As North suggested, Pelley should have asked Bernanke “Why?”

Why do you think that a reduction of the 10-year T-bond rate, if it even happens, will be sufficient to get banks lending again and businesses hiring again?

Instead, Pelley asked this:

The major banks are racking up profits in the billions. Wall Street bonuses are climbing back up to where they were. And yet, lending to small businesses actually declined in the third quarter. Why is that?

And Bernanke punted:

A lot of small businesses are not seeking credit, because, you know, because their business is not doing well, because the economy is slow. Others are not qualifying for credit, maybe because the value of their property has gone down. But some also can’t meet the terms and conditions that banks are setting.  

And so Pelley let Bernanke off the hook, leaving unanswered why banks aren’t lending even though they are holding enormous reserves, and especially why if those reserves were increased through the increased purchases of government debt that banks would be more inclined to loan them out.

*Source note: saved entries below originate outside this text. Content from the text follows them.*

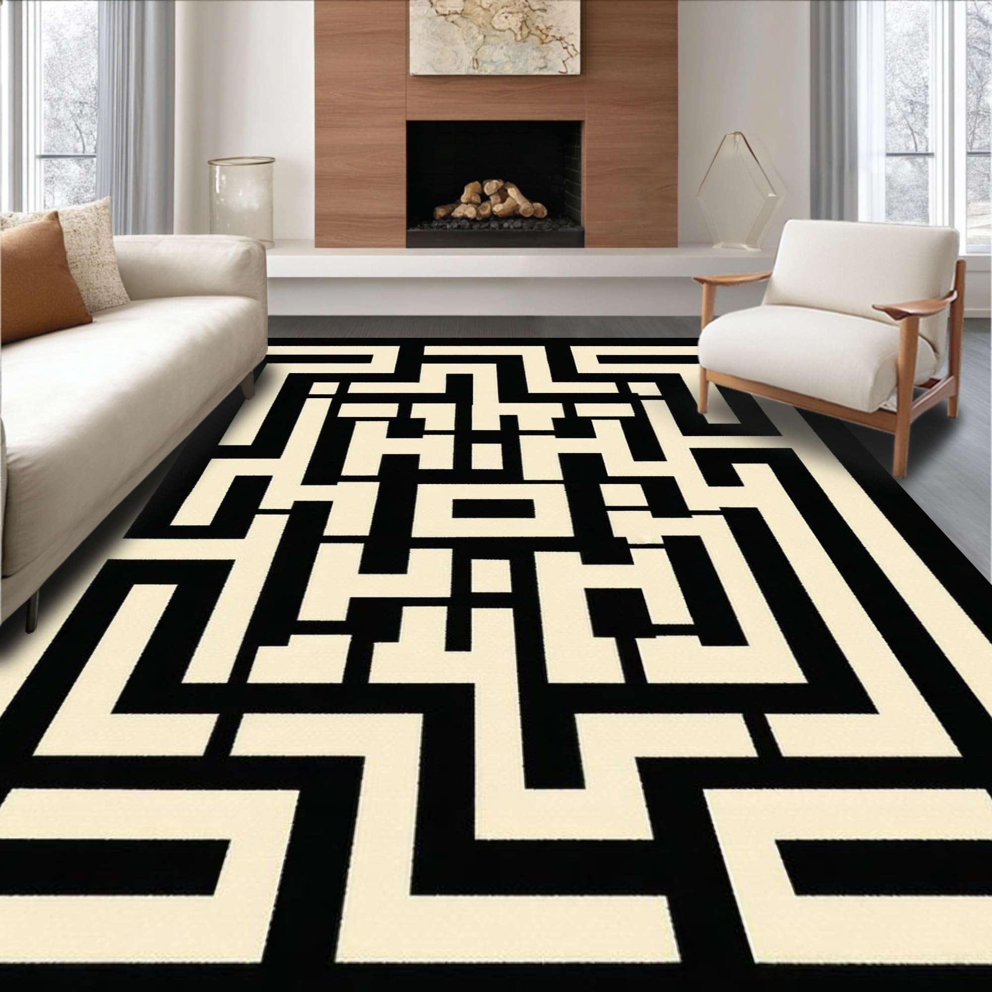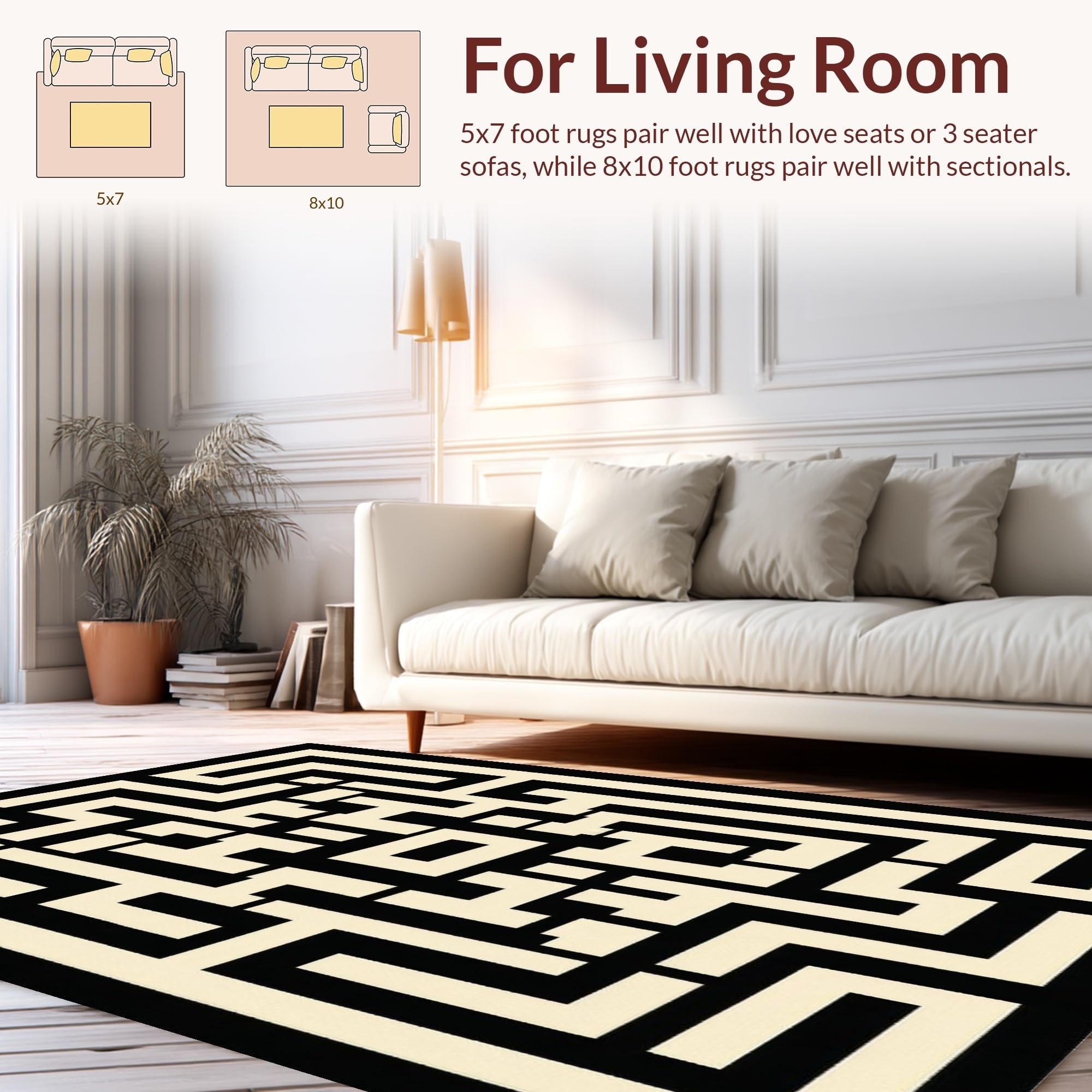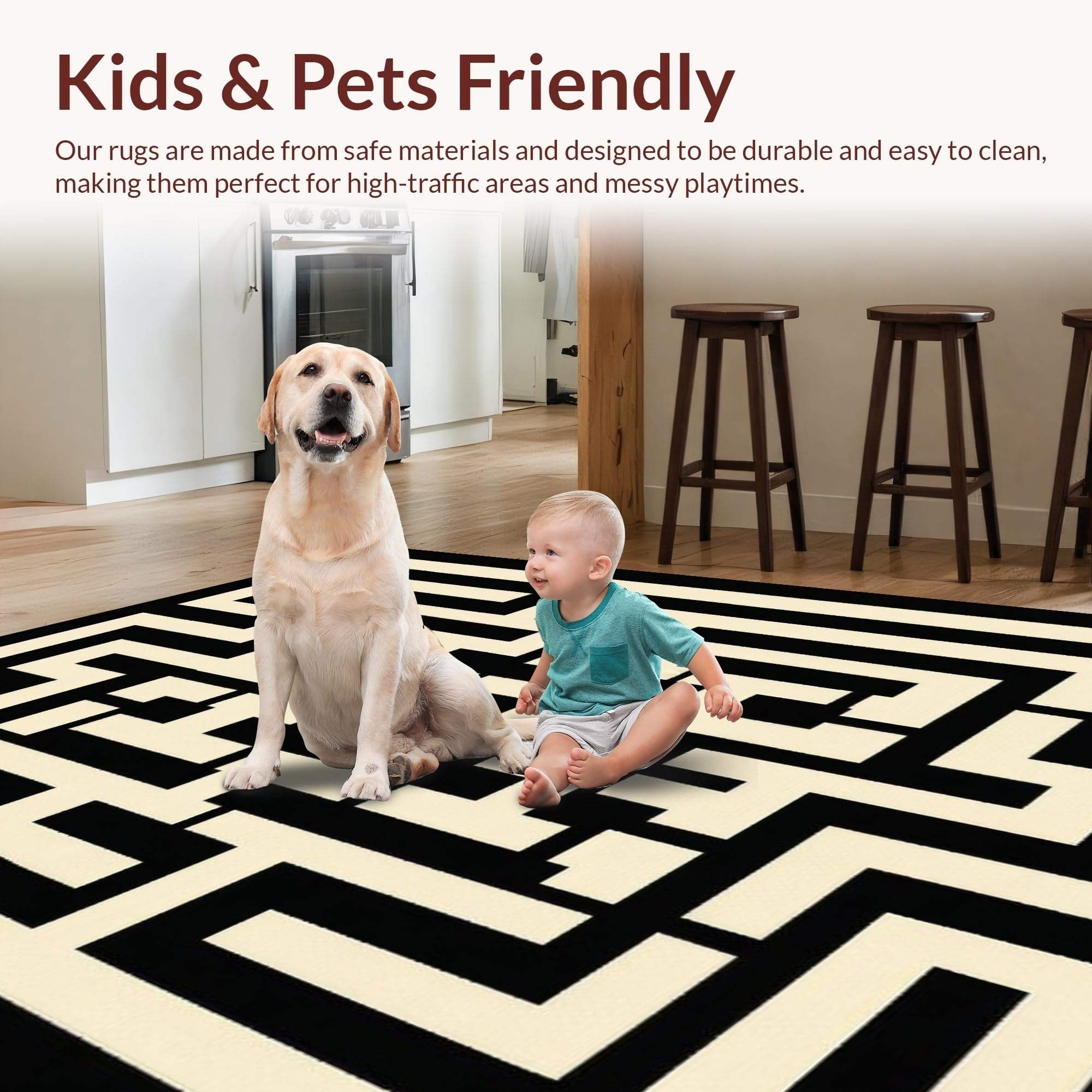 Ultra Soft Area Rug, Non Slip, Stain Resistant, Washable Area Rugs for Living Room, Bedroom, Contemporary Linear Geometric Motif(Beige) Overview:
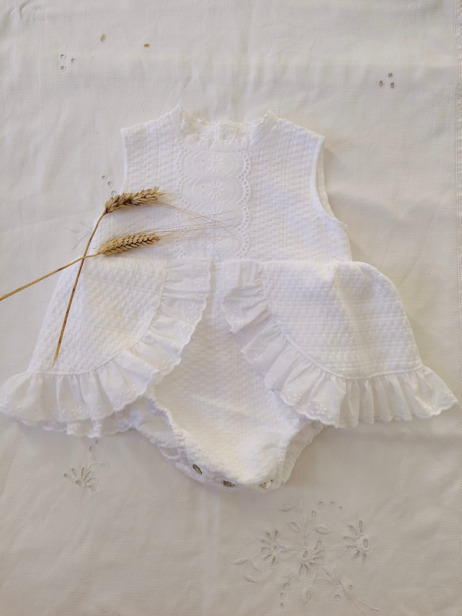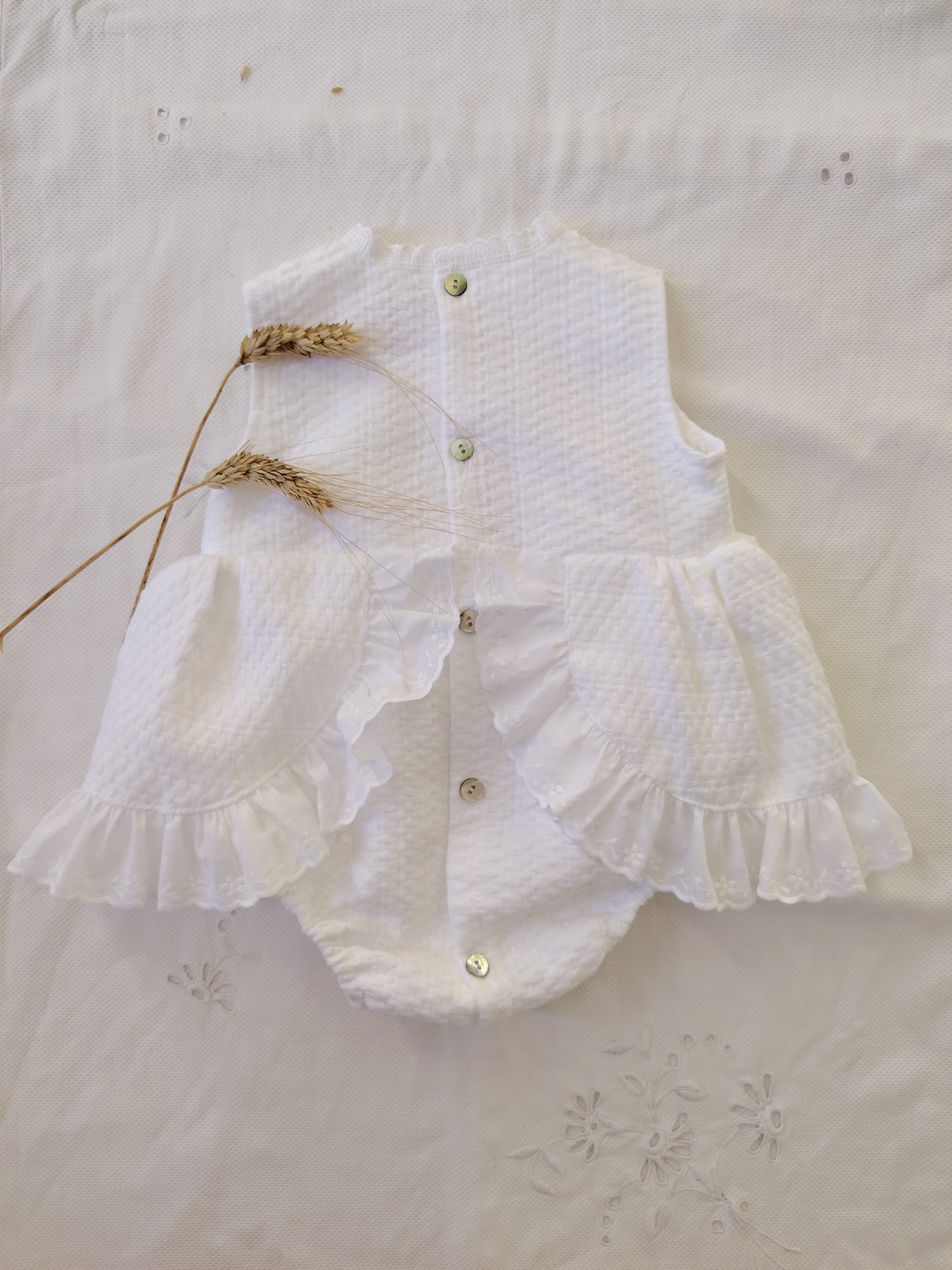 Cortado con volantes laterales rematados en tiras bordadas.
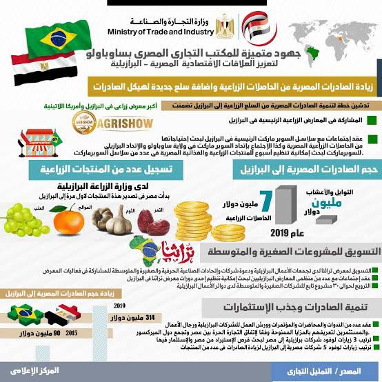 والهند أصبحت سوقًا يتم التعويل عليها مستقبلًا في تصدير القمح باعتبارها ثاني منتج وكمان البرازيل ثاني أكبر مصدر للحوم عالميًا، وبتحتل مرتبة متقدمة في تصدير الذرة، وفول الصويا .مصلحة مصر في الانضمام لأي تكتلات اقتصادية من اجل تحسين شروط التجارة الخارجية لصالحها،
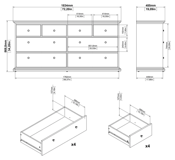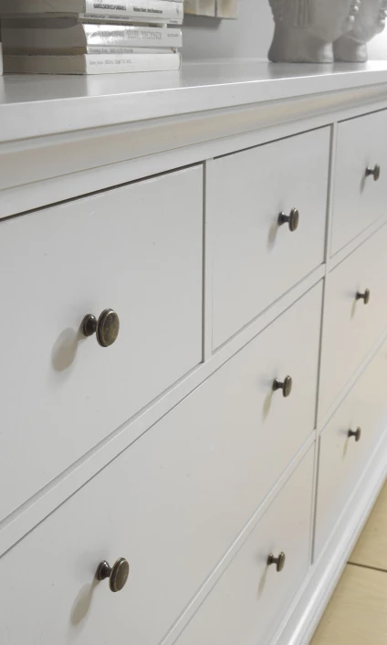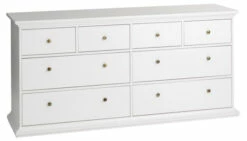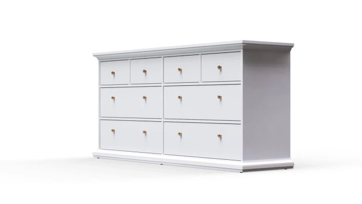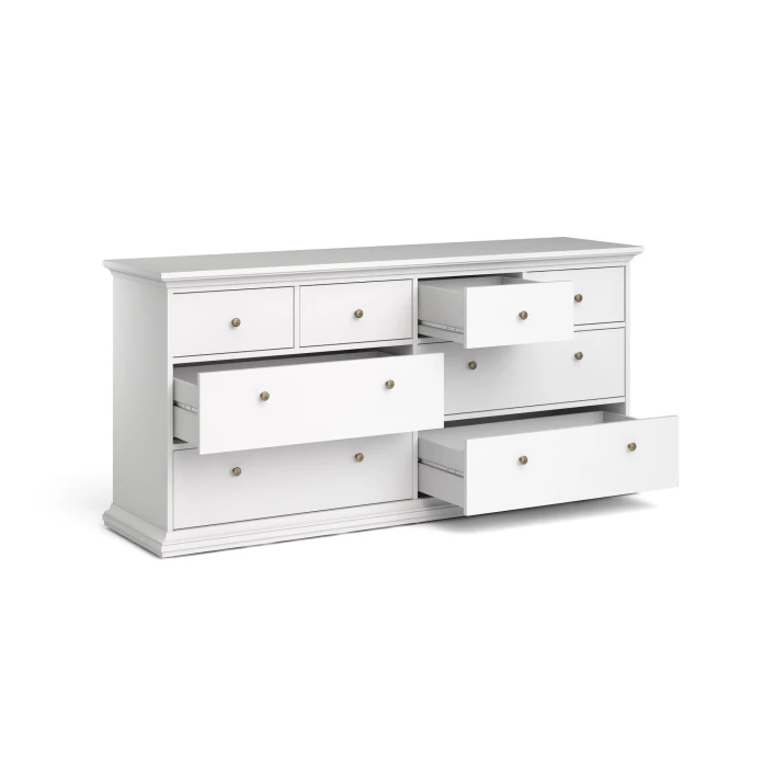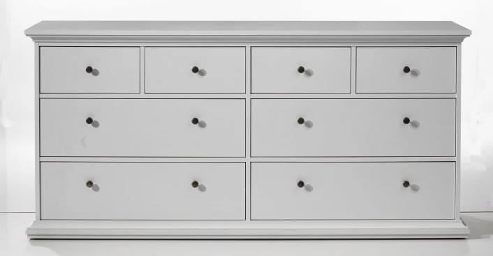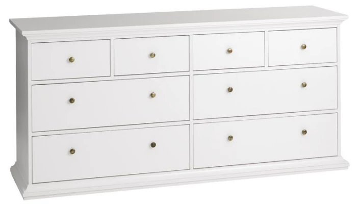 Flott kommode med et romantisk uttrykk som passer til Paris-serien. Kommoden har åtte skuffer med antikk-lignende metallgrep som fremhever stilen. Laget i hvit melamin.
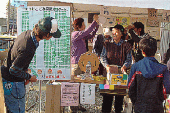 景品は市内のごみゼロ推進店さんはじめ事業所やグループ、個人の方の協力を得て、極力廃材で作った製品、手作り品や死蔵品などの「エコグッズ」を集め、くじをひいた人がその景品の中から極力選べるように工夫しています。
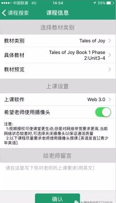 选择上课软件,推荐大家使用web3.0上课工具,更加稳定,还有视屏回放功能,如有需要提前和外教沟通的部分可以在“老师留言区”给外教留言,选课完成后点击“确认”。
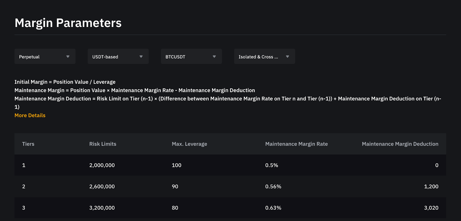 У міру збільшення вартості позиції система автоматично коригує ліміт ризику користувача на основі вартості позиції та активного ордера. Отже, вимоги до підтримувальної маржі та початкової маржі також будуть відповідним чином змінені. У випадках, коли користувачі не мають активних ордерів або позицій, ліміт ризику за замовчуванням встановлюється на найнижчий рівень.
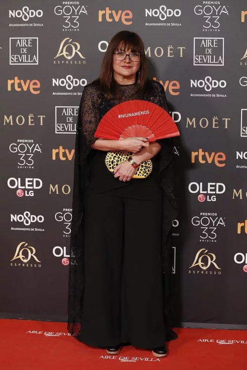 Isabel Coixet, la directora de "La librería", una de las películas destacadas de los pasados premios, posa con un abanico reivindicativo en la alfombra roja de los Premios Goya 2019.
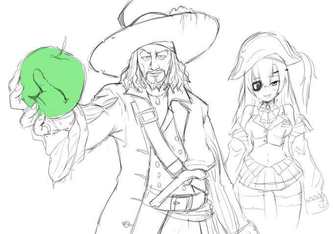 今日の落書き バルボッサと髪下ろし船長 マリン船長のおまけ感が酷いw #マリンのお宝
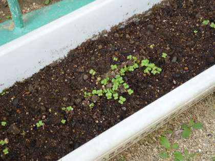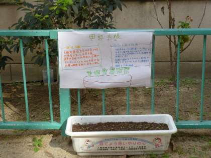 環境委員会では、1学期に伝統野菜として玉造黒門越瓜(たまつくりくろもんしろうり)を栽培していました。2学期は「天王寺かぶら」と「田辺大根」を育てます。野菜の特徴や育て方を調べ、種を植えたそばに掲示して知らせています。早速、かわいい芽を出し始めています。
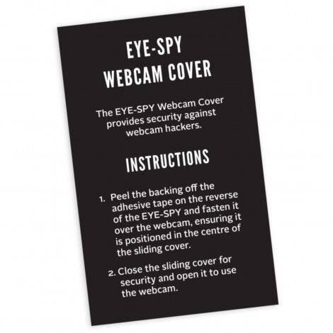 The FBI recommends covering laptop webcams when not in use for security reasons. The Eye-Spy webcam cover is easily installed and provides security against webcam hackers. It has a sliding cover that is closed for security and opened to use the webcam. Eye-Spy is presented with an instruction card in a resealable bag.
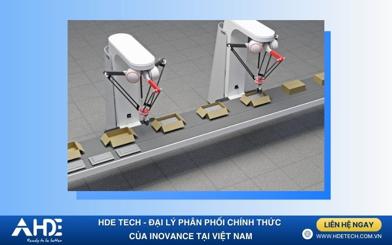 Robot Delta là dòng robot chuyên dụng cho các ứng dụng gắp sản phẩm tốc độ rất cao, thường thấy trong ngành thực phẩm và FMCG.
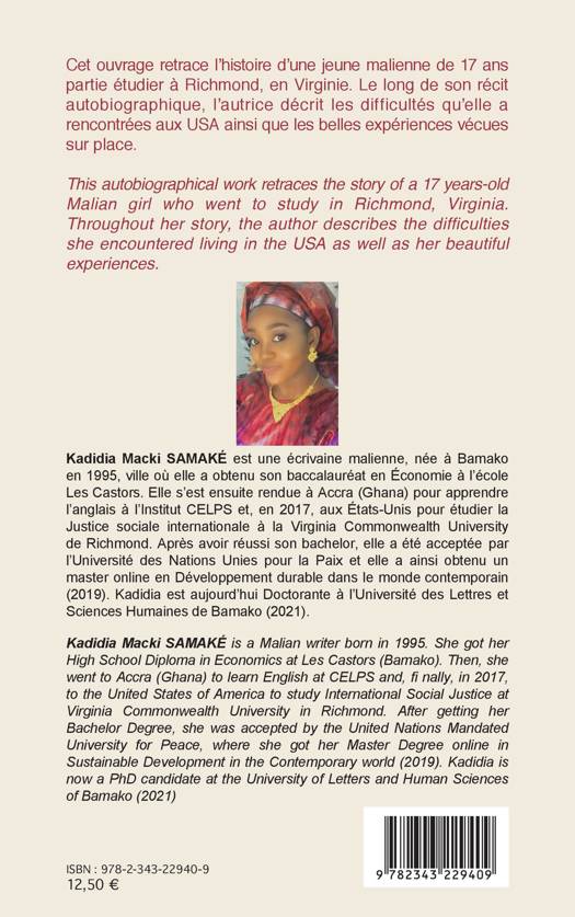 Cet ouvrage retrace l'histoire d'une jeune malienne de 17 ans partie étudier à Richmond, en Virginie. Le long de son récit autobiographique, l'autrice décrit les difficultés qu'elle a rencontrées aux USA ainsi que les belles expériences vécues sur place.
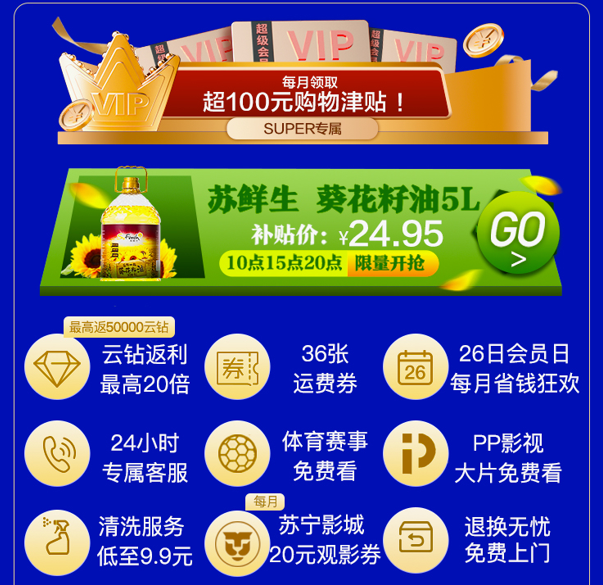 通過登陸蘇寧易購APP,搜索關(guān)鍵詞“白衣天使”,進入自動申領頁面。 SUPER會員是蘇寧為用戶打造的專屬會員體系,能夠滿足“白衣天使”們視頻娛樂、生活購物、服務等全場景的需求。
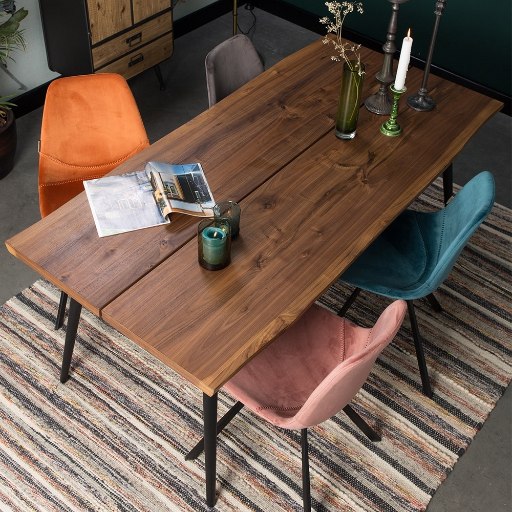 Gather your family and friends around the Alagon Dining Table and entertain your guests in style. Available in four sizes, this fabulous table is suitable for any size dining room, big or small. The uneven edges of the stunning walnut veneered table top give a rustic charm whilst the tapered steel legs add an industrial touch. A truly eye-catching addition to any home whether used in the dining room or as a kitchen table. Don't just stop at the dining table! Pair it with the Alagon Dining Bench to complete your dining set.
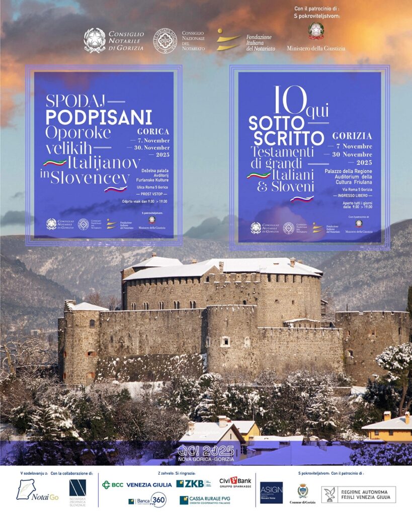 Il Consiglio Notarile di Gorizia annuncia l’inaugurazione della mostra “Io qui sottoscritto. Testamenti di grandi Italiani & Sloveni”, che si terrà venerdì 7 novembre 2025 alle ore 17.00 presso il Palazzo della Regione – Auditorium della Cultura Friulana, in via Roma 5 a Gorizia.
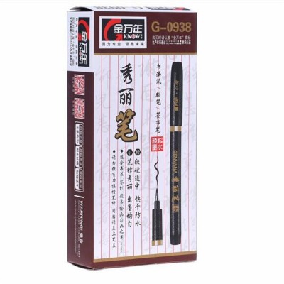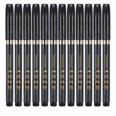 金万年(Genvana)可加墨秀丽笔 毛笔 书法练字笔 软笔 提名签到签名笔 抄经笔 补充液小楷(G-0938)黑色一盒12支 SKU:yzwhyp202383

The answer that Bernanke should have provided in the interest of transparency is that he really doesn’t have any idea. At the moment, banks are very happy investing their reserves at two or three percent by buying government securities, while borrowing them from the Fed at close to zero. That’s called “milking the spread,” and explains how the banks continue to profit despite not making loans to small businesses.

The other answer as to why Bernanke thinks continued purchases of government debt will work is because the Fed has nothing else it can do and it certainly must not give the appearance of doing nothing, or admitting that it is out of options.

Pelley then asked Bernanke about the risk of inflation as a result of the increase in the money supply because of these Fed purchases.  Bernanke makes two mistakes here. He claims that there isn’t any inflation. And then he claims that if there were any inflation, he knows what to do about it. The interchange is remarkable:

Pelley:  Many people believe that [the $600 billion program] could be highly inflationary. That it’s a dangerous thing to try.

Bernanke: Well, this fear of inflation. I think it is way overstated. We’ve looked at it very carefully. We’ve analyzed it every which way. One myth that’s out there is that what we’re doing is printing the money. We’re not printing money. The amount of currency in circulation is not changing. The money supply is not changing in any significant way.

First of all, the inflation has already taken place. A quick review of the Fed’s own graph of the M1 money supply over the past five years reveals that money supply has grown by nearly a third, while the one-year chart is equally un-nerving. So the inflation of the monetary base of the economy has already taken place, and Bernanke wants to add to it.  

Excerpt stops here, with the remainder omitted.